Department of Laboratory Medicine, Zhujiang Hospital, Southern Medical University, Guangzhou, China.
Department of Clinical Laboratory, The First Affiliated Hospital of Sun Yat-Sen University, Guangzhou, China.
Front Endocrinol (Lausanne). 2022 Aug 2;13:882148. doi: 10.3389/fendo.2022.882148. eCollection 2022.
The prevalence of primary aldosteronism (PA) varies from 5% to 20% in patients with hypertension but is largely underdiagnosed. Expanding screening for PA to all patients with hypertension to improve diagnostic efficiency is needed. A novel and portable prediction tool that can expand screening for PA is highly desirable.
Clinical characteristics and laboratory data of 1,314 patients with hypertension were collected for modeling and randomly divided into a training cohort (919 of 1,314, 70%) and an internal validation cohort (395 of 1,314, 30%). Additionally, an external dataset (n = 285) was used for model validation. Machine learning algorithms were applied to develop a discriminant model. Sensitivity, specificity, and accuracy were used to evaluate the performance of the model.
Seven independent risk factors for predicting PA were identified, including age, sex, hypokalemia, serum sodium, serum sodium-to-potassium ratio, anion gap, and alkaline urine. The prediction model showed sufficient predictive accuracy, with area under the curve (AUC) values of 0.839 (95% CI: 0.81-0.87), 0.814 (95% CI: 0.77-0.86), and 0.839 (95% CI: 0.79-0.89) in the training set, internal validation, and external validation set, respectively. The calibration curves exhibited good agreement between the predictive risk of the model and the actual risk. An online prediction model was developed to make the model more portable to use.

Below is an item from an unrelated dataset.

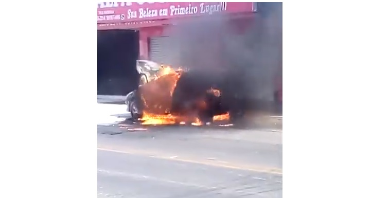 Um carro pegou na tarde desse domingo, 11, na Avenida Igualdade, quase em frente ao Supermercado Tatico do Garavelo, em Aparecida de Goiânia.

The online prediction model we constructed using conventional clinical characteristics and laboratory tests is portable and reliable. This allowed it to be widely used not only in the hospital but also in community health service centers and may help to improve the diagnostic efficiency of PA.
原发性醛固酮增多症(PA)在高血压患者中的患病率为 5%至 20%,但很大程度上被漏诊。需要扩大对所有高血压患者的 PA 筛查,以提高诊断效率。因此,非常需要一种新的、便携的预测工具来扩大 PA 的筛查范围。
收集了 1314 例高血压患者的临床特征和实验室数据进行建模,并将其随机分为训练队列(1314 例中的 919 例,70%)和内部验证队列(1314 例中的 395 例,30%)。此外,还使用外部数据集(n=285)进行模型验证。应用机器学习算法开发了一个判别模型。使用灵敏度、特异性和准确性来评估模型的性能。
确定了预测 PA 的七个独立危险因素,包括年龄、性别、低血钾、血清钠、血清钠钾比、阴离子间隙和碱性尿。该预测模型具有足够的预测准确性,在训练集、内部验证集和外部验证集中的曲线下面积(AUC)值分别为 0.839(95%置信区间:0.81-0.87)、0.814(95%置信区间:0.77-0.86)和 0.839(95%置信区间:0.79-0.89)。校准曲线显示模型预测风险与实际风险之间具有良好的一致性。我们开发了一个在线预测模型,使模型更便于携带使用。
我们使用常规临床特征和实验室检查构建的在线预测模型便携且可靠。这使得它不仅可以在医院中广泛使用,还可以在社区卫生服务中心使用,有助于提高 PA 的诊断效率。